Physical characteristics
- • location: Selwyn Mountains
- • elevation: 1,401 m (4,596 ft)
- • location: Mackenzie River
- • coordinates: 64°25′N 124°48′W﻿ / ﻿64.417°N 124.800°W
- • elevation: 121 m (397 ft)
- Length: 410 km (250 mi)
- Basin size: 19,000 km^{2} (7,300 sq mi)
- • location: Above Twitya River
- • average: 115.7 m^{3}/s (4,090 cu ft/s)
- • minimum: 20 m^{3}/s (710 cu ft/s)
- • maximum: 550 m^{3}/s (19,000 cu ft/s)

Basin features
- Progression: Southwest-northeast
- • left: Tsichu River, Intga River, Ekwi River, Twitya River, Summit Creek
- • right: Sekwi Brook, Natla River, Dorkan Creek, Nidhe Brook, Naintin Brook, Toochingkla River, Moose Nest Creek, Red Dog Creek, Middle Creek

= Keele River =

The Keele River is a tributary of the Mackenzie River, about 410 km long, in the western part of the Canadian Northwest Territories. Flowing in a generally northeast direction, it drains a sparsely populated, rugged area of the Mackenzie Mountains.

==Course==
The Keele River originates in a small, unnamed lake near the border of the Northwest Territories and the Yukon, approximately 25 km south of Macmillan Pass, which is the terminus of the drivable section of the North CANOL Road. The river begins its journey by flowing northwest through the alpine tundra area known as the Mackenzie Mountain Barrens, joining the Tsichu and Intga Rivers along the way.
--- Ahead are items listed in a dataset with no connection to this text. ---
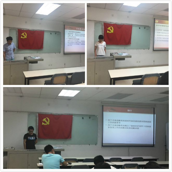 本期“两学一做”学习教育微党课学习在雄壮的《国际歌》声中开始。本次学习,由支部成员王景鹏、张兆泽、李飞飞讲党课。王景鹏同学做了题为“关于协调推进‘四个全面’战略布局”的微党课,张兆泽同学进行了题为“奋斗实现第一个百年奋斗目标”的微党课,李飞飞同学进行了题为“决定当代中国命运的关键一招——关于全面深化改革”的微党课。同学们一致体会到,党的十八大以来,以习近平同志为总书记的党中央高举改革开放旗帜,以更大的政治勇气和政治智慧推进改革,用全局观念和系统思维谋划改革,推进新一轮改革大潮涌进,博士生要不断加强学习科学文化知识和思想道德素质,同时要活学活用,做好理论与实践的高度统一。同学们还对百年目标和全面深化改革有了深入的认识和理解,体会到全面深化改革是“四个全面”战略布局中具有突破性和先导性的关键环节,党的十八届三中全会对全面深化改革进行了总体部署,各领域改革不断提速,改革举措出台的数量和力度均前所未有。之后,支部成员还开展了讨论。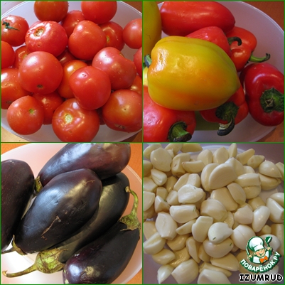 • На мясорубке перекрутить помидоры, чеснок и все перцы.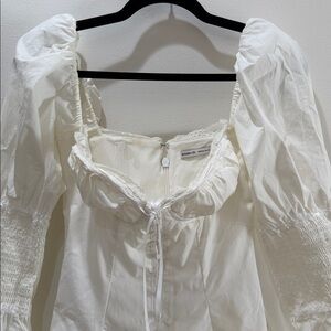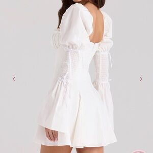 HOCB Ellerie White Cotton Flute Sleeve Mini Dress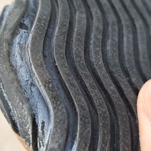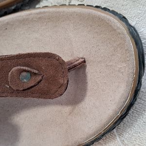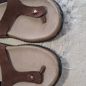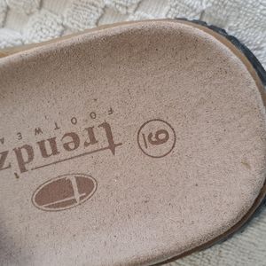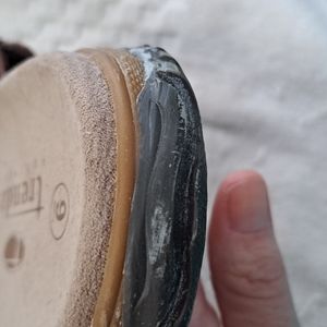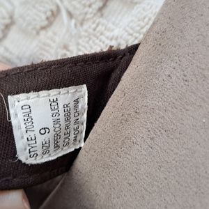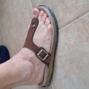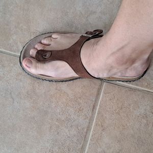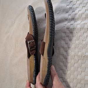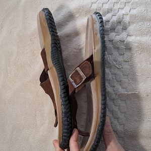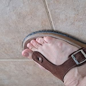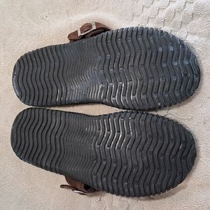 Size 9 Leather.ALL questions.Rubber has a whitish hue from time..not wear..Silver buckle..I wear a 10 always..just too small..not new,but look unworn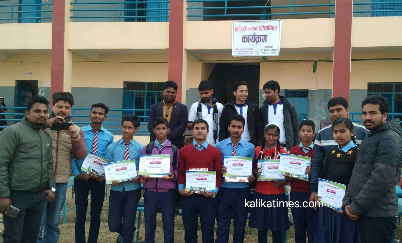 वीरगंज : द हेल्पेज नेपालको आयोजनामा सिद्धार्थ माद्यामिक विधालय, चिनिमिल पिपरा, वीरगंजमा शुक्रबार हाजरी जवाफ प्रतियोगिता सप्पन्न भएको छ । विधालयकी शिक्षिका शशी गिरिको सभापतित्वमा भएको प्रतियोगितामा मकालु समूह प्रथम, अन्पूण समूह दोस्रो र माछापुच्छ्रे समूह तेस्रो भेएको थियो ।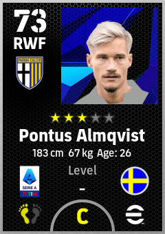 . Pontus Almqvist is a Right Wing Forward footballer from Sweden who plays for Parma Calcio 1913 in eFootball 2026.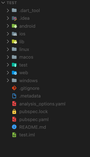 ios, android, macos, web 과 같은 폴더들은 나중에 각각의 플랫폼으로 배포를 할때 건들이게 되는 파일들입니다.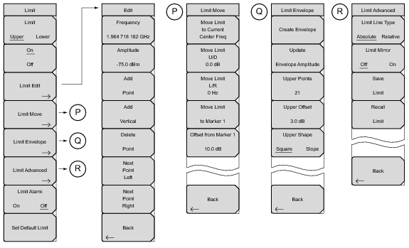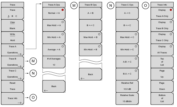 Figure 6‑10 though Figure 6‑15 show the map of the Spectrum Analyzer menus. Refer to Spectrum Analyzer for the details of the menus and associated submenus.Coverage Mapping Menu describes the details of Coverage Mapping (Option 431) menus and associated submenus.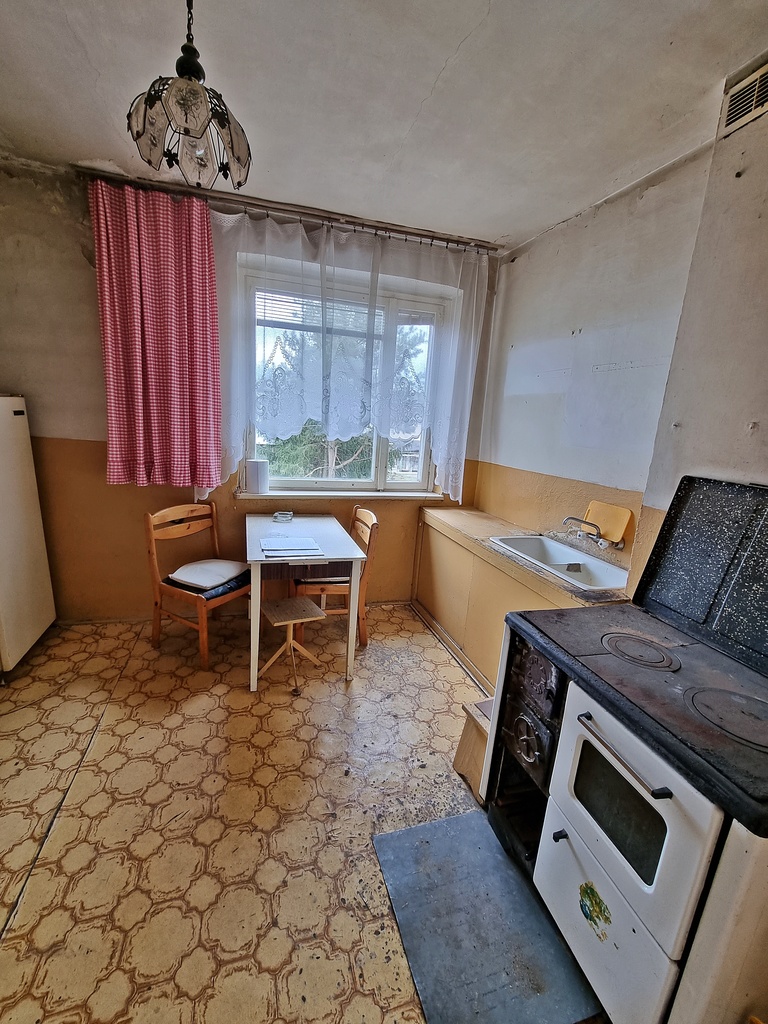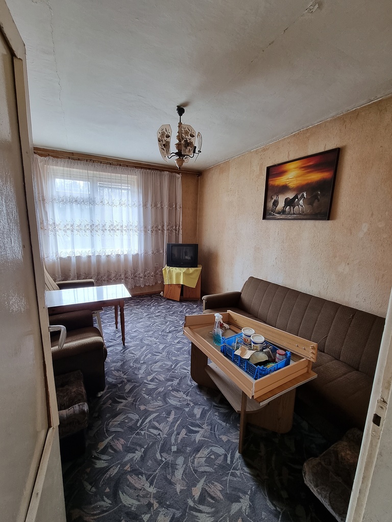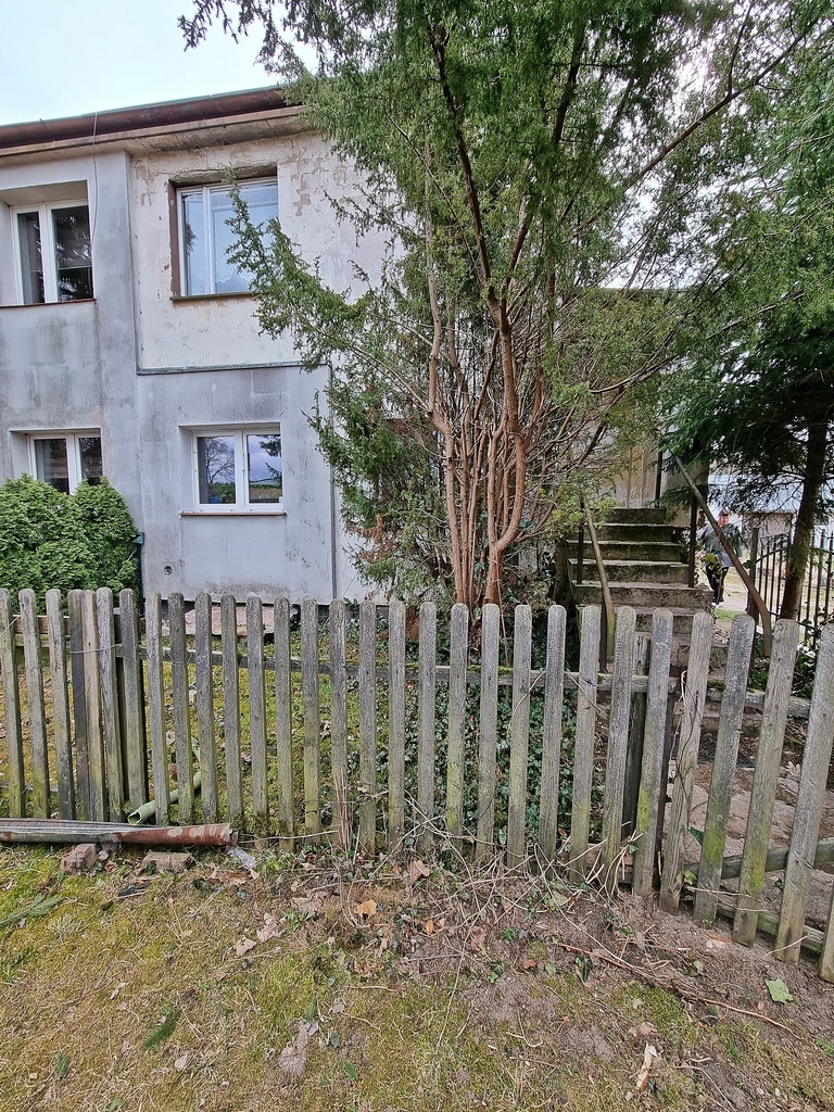 Mieszkanie bezczynszowe, do remontu. Do mieszkania przynależą dwa drewniane pomieszczenia gospodarcze oraz ogródek o metrażu 600 m2 w częściach wspólnych. Dodatkowo do nieruchomości jest sprzedawana działka o powierzchni 400 m2, oddalona od nieruchomości jakieś 100m.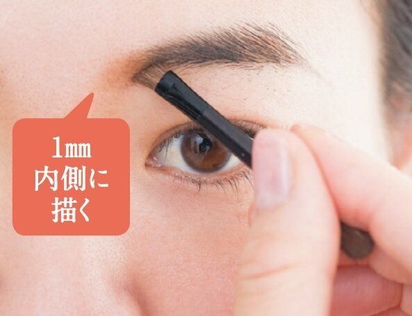 加齢とともにあいまいになりがちな眉下のラインを、細芯タイプのペンシルでしっかり描く。その際、本来の輪郭に沿って床と平行になるように描くと、やさしげな今っぽい眉になる。

It then drops off the alpine plateau and begins its long descent to the Mackenzie River, tumbling gradually down into the dramatic Backbone Ranges of the Mackenzie Mountains. Approximately 100 km from the Keele's source, the Natla River rushes into the Keele from the south and almost doubles the flow and size of the river. From the Natla Confluence, The Keele turns and snakes its way northward for 85 km until it meets the Twitya River, its largest tributary, flowing in from the west. Just after the Twitya confluence, the Keele is deflected east around the Tigonankweine Range by the towering Mount Eduni Massif and continues in this direction until reaching the Mackenzie River. During this section, the Toochingkla River flows in from the south, before the Keele cuts between the spectacular Canyon and Redstone Ranges. It then leaves the mountains behind, becoming slow and braided, and receives Middle Creek from the south, merging into the Mackenzie some 13 km downstream from the Redstone River and 50 km south-southeast of Tulita.

==History==
People have inhabited the mountainous area surrounding the Keele River for at least 11,000 years. The Dene name for the Keele River is Begádeé, which translates to "Winding River". The river was used extensively as a trade route for some tribes of the Mountain Dene people. After spending the summer hunting and trading along the Yukon/NWT border the Mountain Dene, or shúhtagot'ıne, would build large moose skin boats, fill them with furs and goods and paddle down the Keele River to their winter camps along the Mackenzie River Valley. There they would trade these furs and goods for supplies to survive the long winter months with the Lowland Dene People and the Hudson Bay trading post after it was built at Fort Norman in the 1800s. Come spring, they would return to the mountains once again on foot. After signing Treaty 11 (regarding the transfer of lands in the Yukon to the federal government for purposes of oil exploration) with King George V in 1921, the Dene no longer went to the Yukon Border area as frequently and as a result the Keele was also less travelled. The Keele also has been known as the Gravel River.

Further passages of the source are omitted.